Looking at Maulbertsch’s work, one marvels at his ability to tell a story vertically.  For much of his work, the story sweeps up and down, rather than across.  Maulbertsch packs a great deal of drama in this picture, mostly communicated through composition and coloration.  Indeed, though Maulbertsch was a capable painter, his true genius lie in color and composition.  Weaknesses in drawing and painting are more than compensated for by his use of both to drive the narrative.  He has an artistic point of view – something that some more technically skilled painters lack, leaving their work sterile or unmoving.

The painting swoops from lower left (the angel’s wings and Isaac’s wonderfully lit legs), though the body of the boy and leading up to Abraham’s face, the light reflected on his helmet, and his upraised knife.  In that bottom to top arc, we have the entire story of the near sacrifice, told with impressive narrative thrust and significant drama.

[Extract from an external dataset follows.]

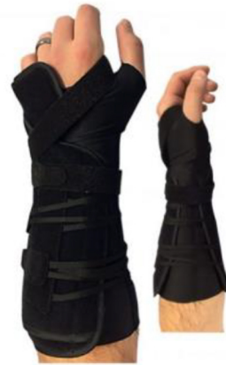
Trend Pro Wrist

An ideal product for patients suffering from many wrist and hand ailments, including carpal tunnel syndrome. Having the ability to set flexion/extension or put the wrist in a neutral position is a game changer in wrist bracing. Traditional wrist braces “cock-up” the wrist which creates pressure on the median nerve, potentially causing more pain for patients with carpal tunnel. The Trend Pro Wrist features universal sizing with an ambidextrous design, quick lace closure system, and a malleable frame to allow the brace to conform to any patient. An easy to use adjustable ROM hinge to allow for desired flexion and extension, and a nylon glove adds compression and warmth to the wrist/hand to promote blood flow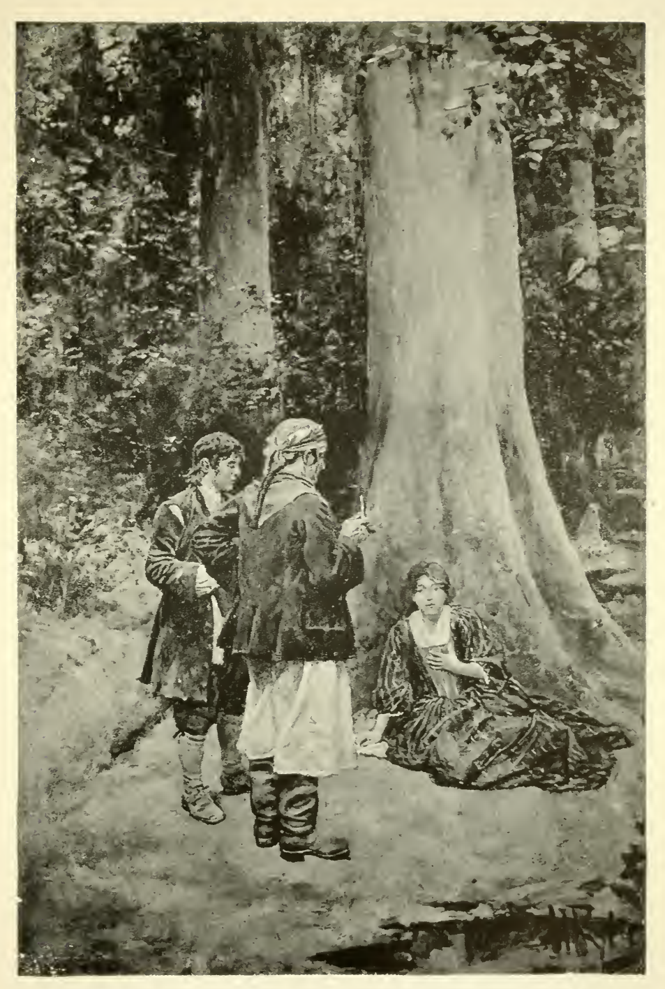
"THEY FOUND HER STILL SITTING IN THE SAME PLACE."

No one would accuse Maulbertsch of delicacy when rendering the human face; indeed, many of his faces are indistinct or only adequately drawn.  Look, however, at Abraham’s face, which is very striking indeed.  Shown only in half light, this is the look of religious mania at its worst – the satisfaction evident on his face is consistent with people who have gone blood simple, and relish the act of murder.

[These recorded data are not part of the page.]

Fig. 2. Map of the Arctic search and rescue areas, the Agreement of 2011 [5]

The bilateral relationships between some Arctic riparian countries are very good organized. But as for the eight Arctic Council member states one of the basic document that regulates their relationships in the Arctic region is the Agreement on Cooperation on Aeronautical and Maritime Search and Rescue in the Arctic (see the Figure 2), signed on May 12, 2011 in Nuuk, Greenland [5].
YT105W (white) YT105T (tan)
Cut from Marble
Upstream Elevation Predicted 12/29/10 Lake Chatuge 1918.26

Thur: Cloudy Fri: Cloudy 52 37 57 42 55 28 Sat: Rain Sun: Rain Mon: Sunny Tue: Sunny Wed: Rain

Another reading is, of course, that Abraham’s face is lustful.  Time and again in depictions of Abraham and Isaac from artists as diverse as Caravaggio, Rembrandt and Titian, we have seen something in the myth that seems to inspire dark contemplations of parental abuse, sexual and otherwise.  All of these painters have fetishized Isaac to some degree, and Maulbertsch is no different.  Note the radiant, heavenly light specifically highlighting his muscular legs and flat stomach, focusing its spotlight on his private parts.  Discreetly covered by the torn fragments of his robe, there is no mistaking that the focal point of the painting is Isaac’s groin. Indeed, if the eye flows up in a straight line, Abraham’s knife is directly over Isaac’s genitals.

Though rendered without “fussiness” or fine detail, Maulbertsch’s take on the Abraham/Isaac myth has an almost Mannerist monumentality and epic feel.  It is not my favorite painting of the myth, but it may be one of the most idiosyncratic.